# Stabilizer choice



## RCR_III (Mar 19, 2011)

Different brands have different qualities. You'll pay more for stiffer carbon rods and more adjustability. I use Doinker. The reason I started using them is because the Platinum's come with 7 weights and their "doinker" to help supress some vibration. The reason I've kept them is because I like how my bow feels and performs with them. I like that it's very simple to move weights around and I can buy more if I ever need them. Even in .5 ounce discs. I also like their mounts and customer service.


----------



## austin97 (Feb 5, 2014)

Try making your own out of 1/2" PVC


----------



## SILVERWOLF_73 (Apr 8, 2007)

ever hear of dead center archery you should check out their web sight.


----------



## montigre (Oct 13, 2008)

Go with the brand that will offer the stiffest carbon stabs that you can afford. 

I personally shoot B-Stingers because they were the first to come out with the super stiff carbon stabs and I have not felt a need to change.
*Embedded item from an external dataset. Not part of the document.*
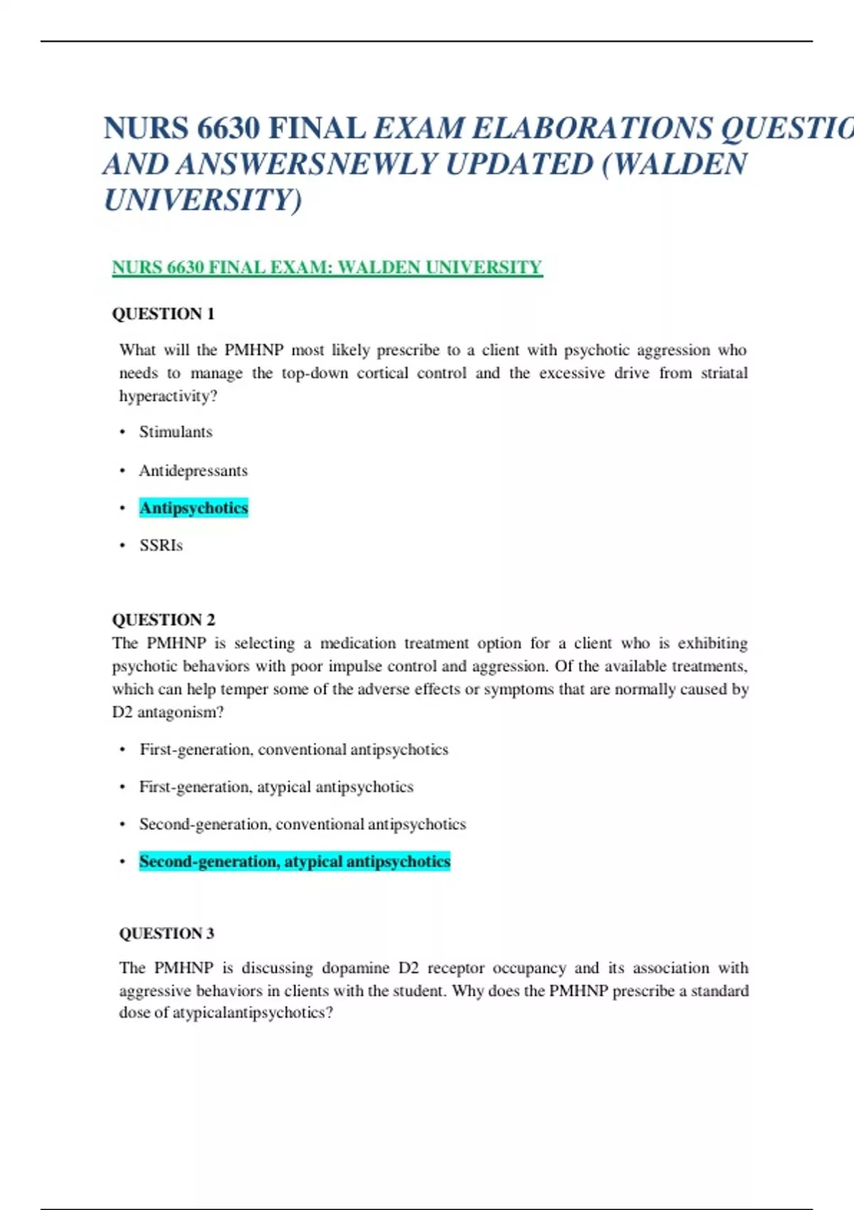 NURS 6630 FINAL EXAM ELABORATIONS QUESTIONS AND ANSWERS NEWLY UPDATED (WALDEN UNIVERSITY)

They do what they are designed to do and their customer support is among the best in the industry. 

Other companies have since started making these stiff rods--some taking shortcuts to cut costs, others who are offering a comperable product that performs as advertized. Do your research and shoot what you're comfortable shooting. 

As a side note, for target use, or if you shoot a parallel-limb bow, you're not going to need internal dampening in your stabalizer, so don't get hooked on that hype--it just adds unnecessary weight to the bar. :wink:


----------



## jkeyj55 (Feb 24, 2014)

Thank you for your responses


----------



## Blue X (Dec 22, 2007)

I second this mans advice!!
They have a awesome product and they try to keep it affordable to the working man. Todd works day and night making sure people get what they want. I spent a hour or so on the phone with him last week and he is a reg guy working hard and taking pride in his work, just like the people who are his customers. Class act all the way

Blue X


----------



## darton3d (Oct 16, 2009)

Check out Extreme Stabilization, high mod carbon at a very good cost and free shipping! You can find them on the 60X Custom Strings web site. Brad and Dawn are great people to deal with.


----------



## Saws Paw (Jul 3, 2013)

I went to Ft. Benning looking for the same thing. Glad I did...B Stinger, Doinker, AEP & Extreme were there....plus Lancaster had a big trailer there and had some other brands. Very informative info from all the companies, but getting to see them first hand...fit, finish, feel.....yeah! It was worth the trip.


----------